What is expected:
Pictures in the data must not be copied, but everything else should be output exactly.

Data below:
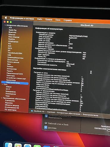 - Аккумулятор: 53 цикла перезарядки, максимальная ёмкость 95% (состояние «Нормально» по информации системы)
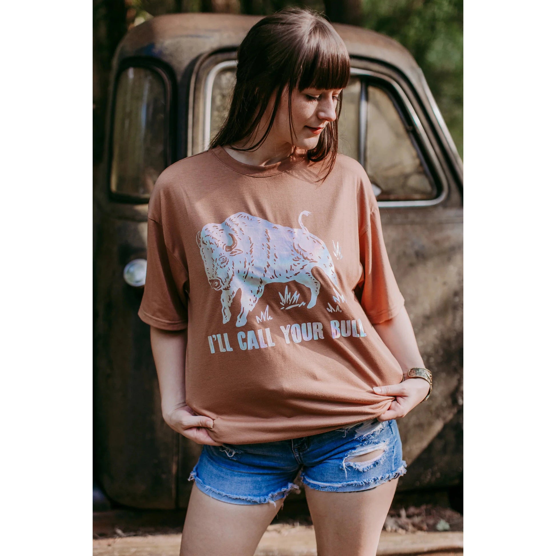 Merigold Kiss Women's Bull Gold Foil T-Shirt Shirt - Brown
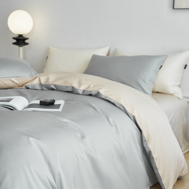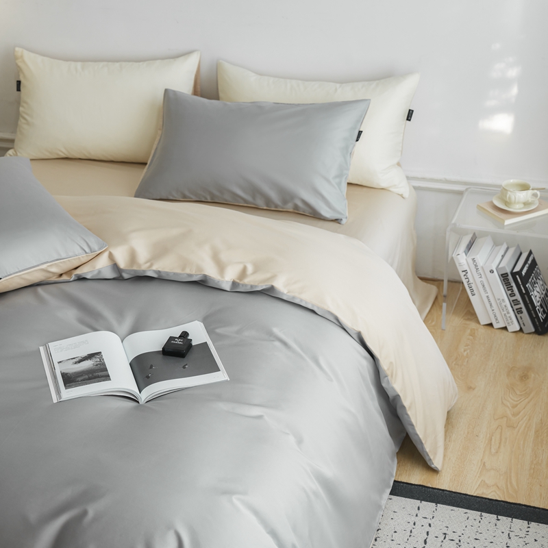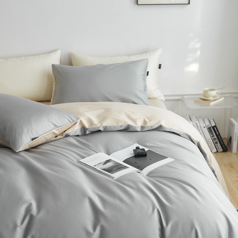 商品名称:安莱生活 2024新款100s长绒棉贡缎双拼四件套 红灰-棕灰

Response to this task:
 - Аккумулятор: 53 цикла перезарядки, максимальная ёмкость 95% (состояние «Нормально» по информации системы)
 Merigold Kiss Women's Bull Gold Foil T-Shirt Shirt - Brown
 商品名称:安莱生活 2024新款100s长绒棉贡缎双拼四件套 红灰-棕灰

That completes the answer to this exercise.